02 August 2018, The Tablet

Ethiopia-Eritrea peace deal could help curb migrants’ exodus


 

Bishop Giorgio Bertin of Djibouti, who is also the Apostolic Administrator of Mogadishu, has said that last month’s Ethiopia-Eritrean peace agreement may help cut a key arms supply route into Somalia, where an Islamist militant group is fighting to install a government.

Abiy Ahmed, the Ethiopian Prime Minister, and Isaias Afwerki, the Eritrean President, signed the agreement on 9 July in Asmara, the Eritrean capital, ending one of Africa’s longest-running conflicts.

Afwerki has used the pretext of the war to run an authoritarian regime under whose watch Christians have been arrested and murdered on suspicion of spying for the West. Afwerki has been accused also of arming and funding al-Shabaab, the Somalia-based al-Qaeda affiliate in East Africa.

“Up to now, it seems that Eritrea was supporting those who were against the presence of Ethiopia in Somalia,” Bishop Bertin told The Tablet. Ethiopia is a major contributor to the African Union peacekeeping force in Somalia.

Military conscription and poverty have driven many young Eritreans to follow dangerous migration routes through the Sahara and across the Mediterranean to seek asylum in Europe.

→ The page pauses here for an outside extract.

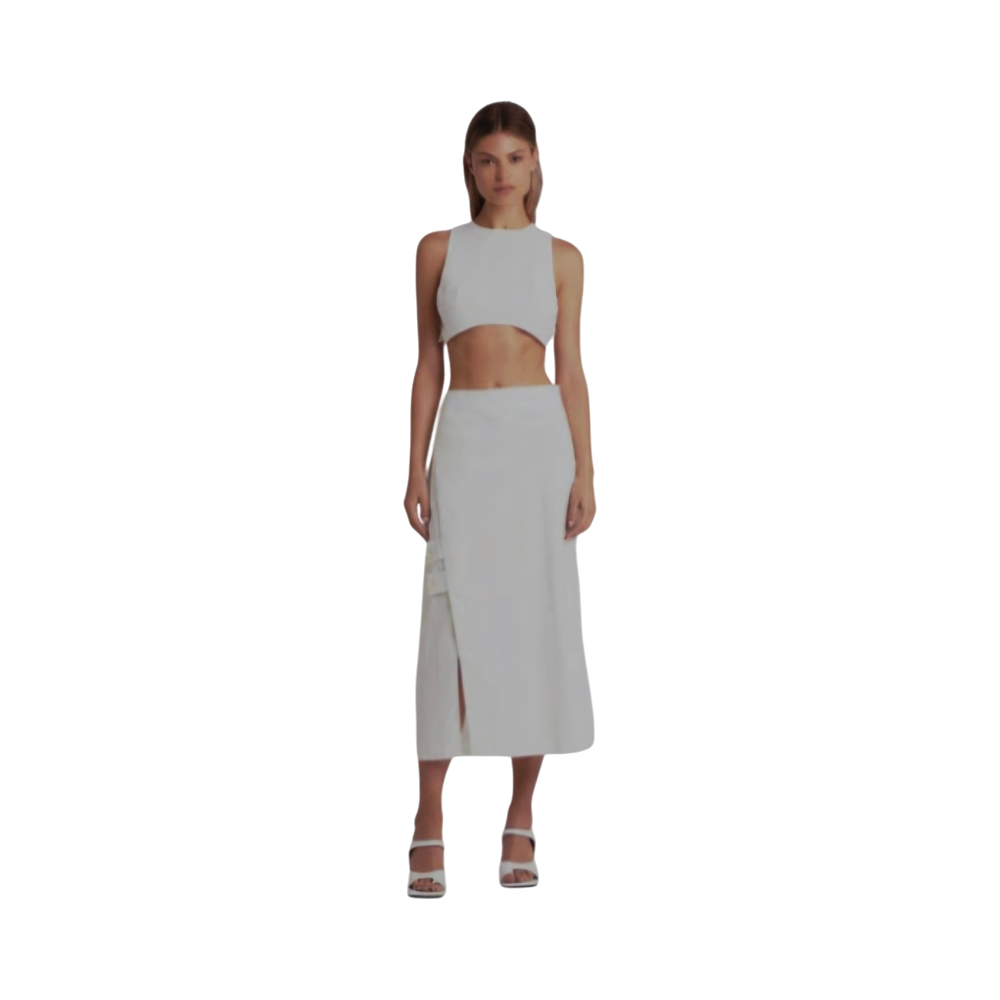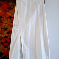 White high-quality midi linen skirt with asymmetric button closure on side.

At the peak of the migration wave in 2015, Eritrea was producing more migrants than any other country, apart from Syria and Afghanistan. “The new relations… should open the political situation in Eritrea, probably with more freedom and less military service. Thus, there will be no need to leave their country,” said Bertin.

Luxembourg’s Archbishop, Jean-Claude Hollerich, president of the European Union bishops’ conference COMECE, has called for a Marshall Plan for Africa to help countries curtail migration.

“The people who suffer the most are those who don’t get to Europe because they don’t have the money,” Hollerich said.

“We have to work for a Marshall Plan for Africa … the West should implement an Africa policy that matches its rhetoric.”